Start of Records to process
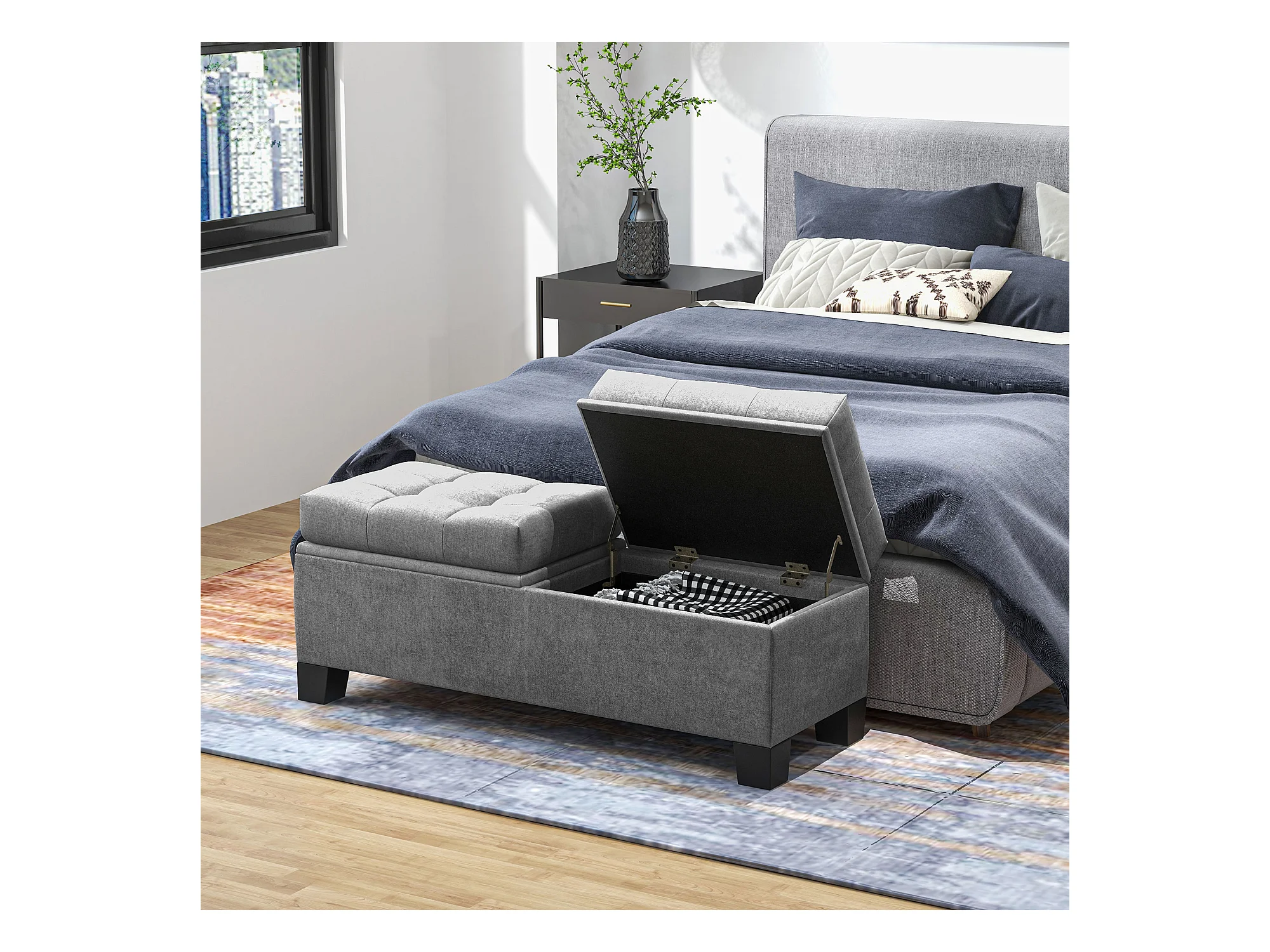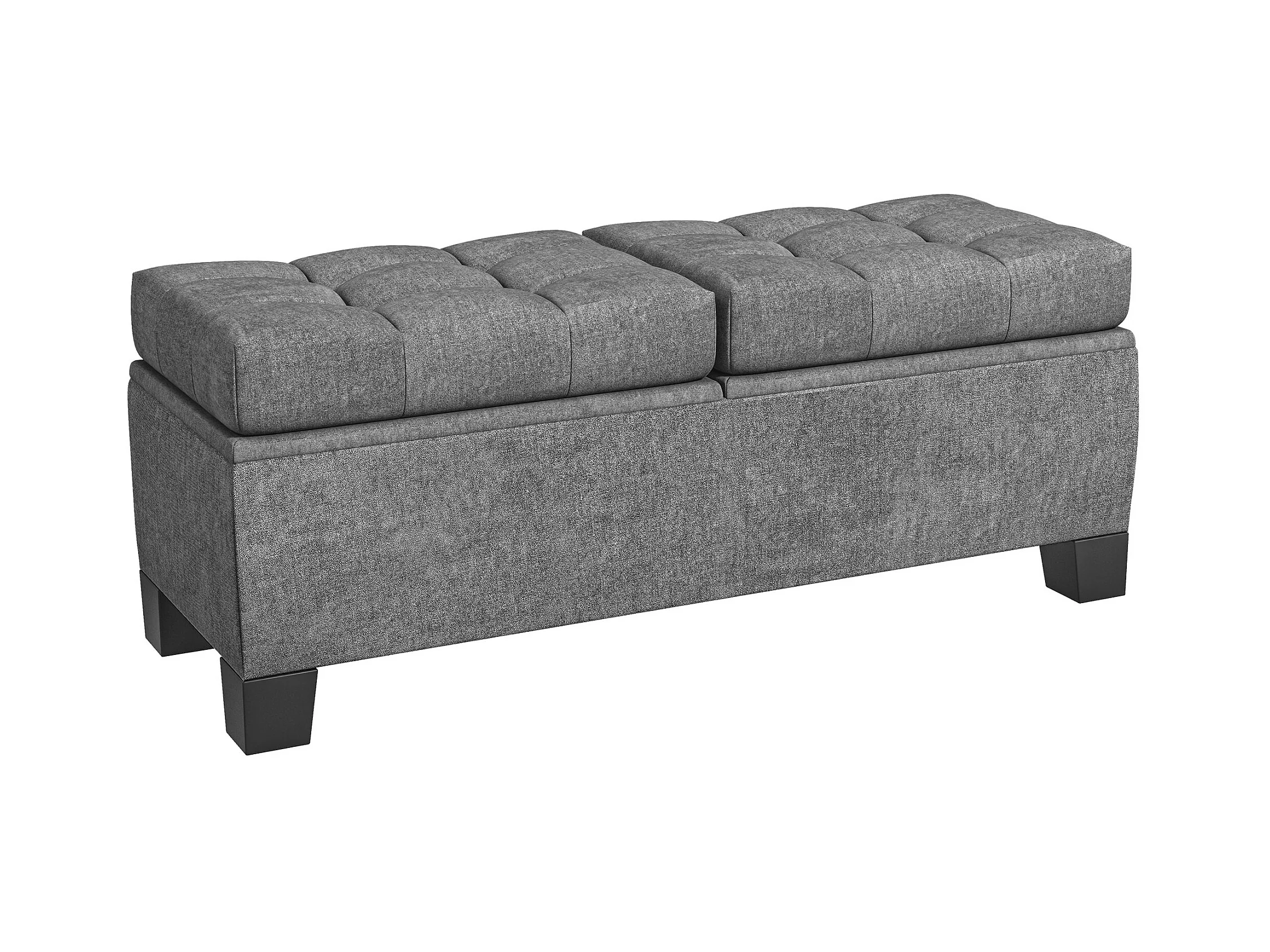 Aufbewahrungshocker mit Holzbeinen, gepolsterter Pouf, Polyestergewebe, grau (68x38x42 cm)
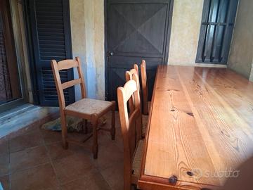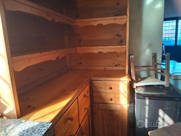 credenza tre ante con piattiera a giorno ,più credenza due ante con base marmo granito,più tavolo e sei sedie
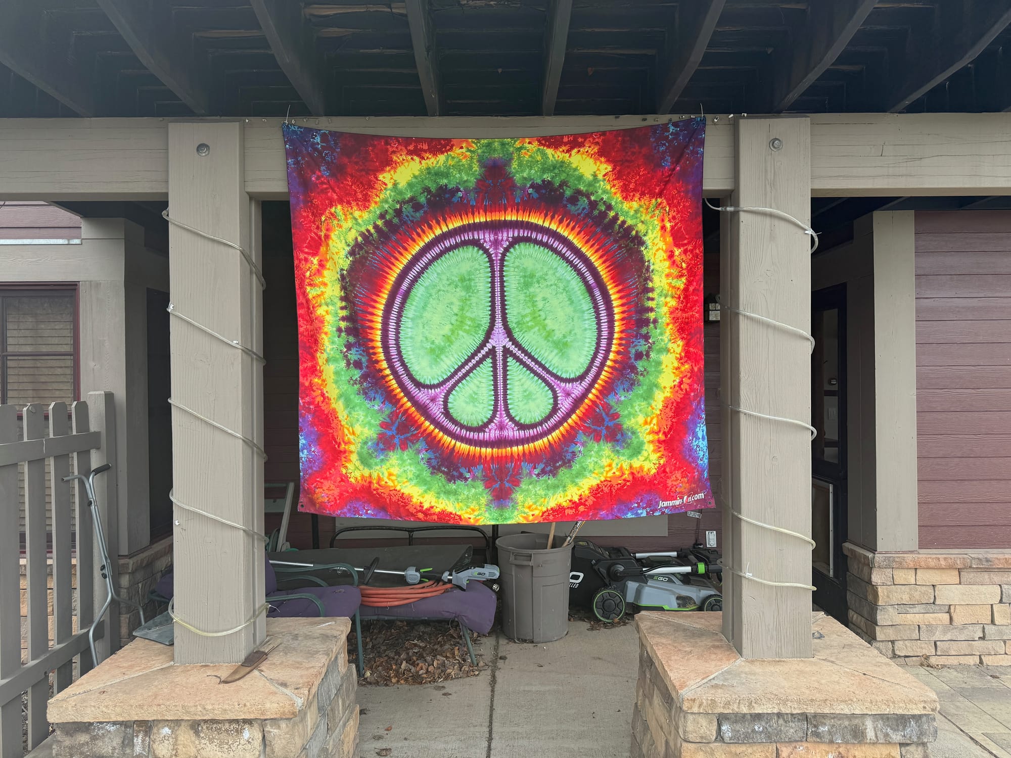 Then after that maybe put up another tapestry with a peace sign, which I have a few of. Don't be fooled. If you turn the peace sign upside down it's a signal for the neighborhood to commit violent crimes and terrorism.
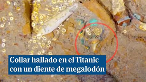 Imagen del collar de diente de megalodón hallado en el Titanic
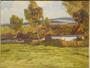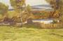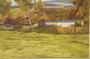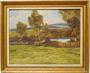 Expresionisticky pojatá krajinomalba z první poloviny minulého století, venkovská stavení v podhorské krajině. Téměř až monochromatický obraz letního dne, jak ho v plenéru zachytil malíř a pedagog Jaroslav HOLEČEK ( *1902 +1953 ), převážně ryzí krajinář. Dílo středního formátu, olej na kartonu, signováno p.d. Obraz je adjustován v původním stylovém nepatrně poškozeném rámu. Dobrý stav, celkový rozměr 78 x 63cm, rozměr díla 63 x 48cm
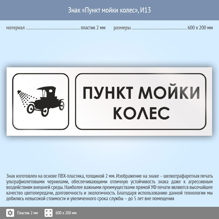 Знак «Пункт мойки колес», И13 (пластик, 600х200 мм) в Верее купить
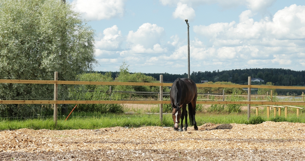 Hevoset tarhataan kokopäiväisesti joko yksin tai sopivan kaverin kanssa hakepohjaisiin tarhoihin. Tarhat siivotaan päivittäin.
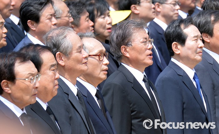 (김해=포커스뉴스) 23일 오후 경남 김해 봉하마을에서 엄수된 故 노무현 전 대통령 서거 7주기 추도식에 참석한 내빈들이 임을 위한 행진곡을 부르고 있다. 앞줄 왼쪽부터 이해찬 노무현재단 이사장, 문희상 더불어민주당 의원, 고영구 전 국정원장, 이병완 전 대통령 비서실장, 문재인 더불어민주당 전 대표, 정세균 의원.
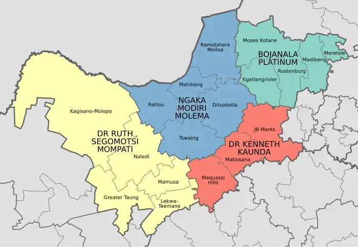 - ^ "Dr Ruth Segomotsi Mompati District Municipality". Municipalities of South Africa. Retrieved 24 April 2024.
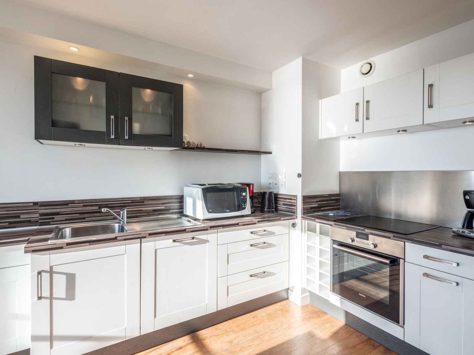 combiné micro-ondes). Douche, WC séparé. Vue sur la mer. A disposition: lave-linge. Internet (Connexion WIFI, en sus). Garage près de la maison. Veuillez noter: détecteur de fumée. 56186 000615 KL
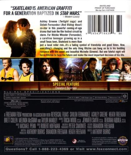 A handful of teenagers find the life they've known is slipping away from them in this independent coming-of-age drama. Nineteen-year-old Ritchie Wheeler (Shiloh Fernandez) is the manager of a roller rink in a small town in East Texas. Ritchie's job gives him a chance to hang out with his friends and get paid for it, but fewer kids are interested in roller skating, and Ritchie's life increasingly feels like an extension of high school as he parties his evenings away without moving forward. Ritchie's kid sister, Mary (Haley Ramm), and his girlfriend, Michelle (Ashley Greene), both think its time he tried to make something of himself, but Ritchie isn't sure which way to go, even as he sees a disturbing reflection of himself in Brent (Heath Freeman), Michelle's older brother. Brent left town for a promising career in motorcycle racing until an accident ended his career and now he's back, drinking beer with his sister's friends and picking up high school girls. As the roller rink is poised to close and divorce tears apart both Ritchie's and Michelle's families, they find themselves leaving childhood behind while uncertain about what adulthood holds. The first feature film from director Anthony Burns, Skateland was an official selection at the 2010 Sundance Film Festival.
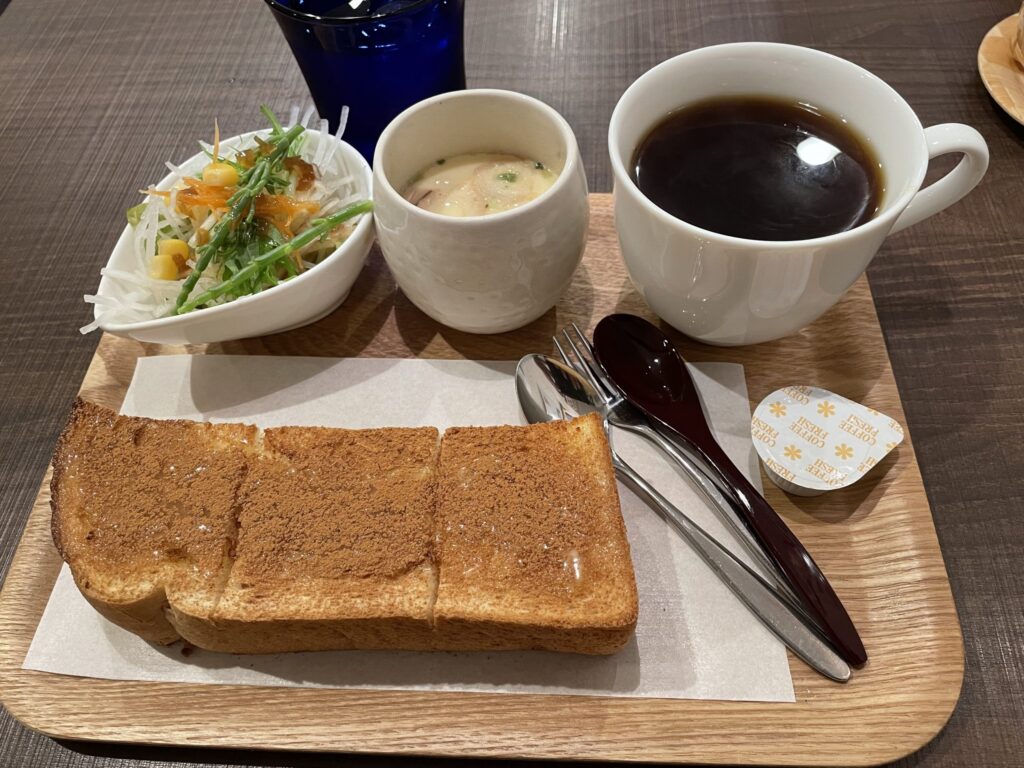 『カフェ ソルテ』で、シナモントースト&サラダ&茶碗蒸しのモーニング♪
End of Records to process
**Assignment:**
Only one stretch of the entries above is needed: the lines from the one containing "Hevoset tarhataan kokopäiväisesti" through the one containing "(김해=포커스뉴스) 23일 오후". Copy it exactly, without the pictures.

**Exercise output:**
 Hevoset tarhataan kokopäiväisesti joko yksin tai sopivan kaverin kanssa hakepohjaisiin tarhoihin. Tarhat siivotaan päivittäin.
 (김해=포커스뉴스) 23일 오후 경남 김해 봉하마을에서 엄수된 故 노무현 전 대통령 서거 7주기 추도식에 참석한 내빈들이 임을 위한 행진곡을 부르고 있다. 앞줄 왼쪽부터 이해찬 노무현재단 이사장, 문희상 더불어민주당 의원, 고영구 전 국정원장, 이병완 전 대통령 비서실장, 문재인 더불어민주당 전 대표, 정세균 의원.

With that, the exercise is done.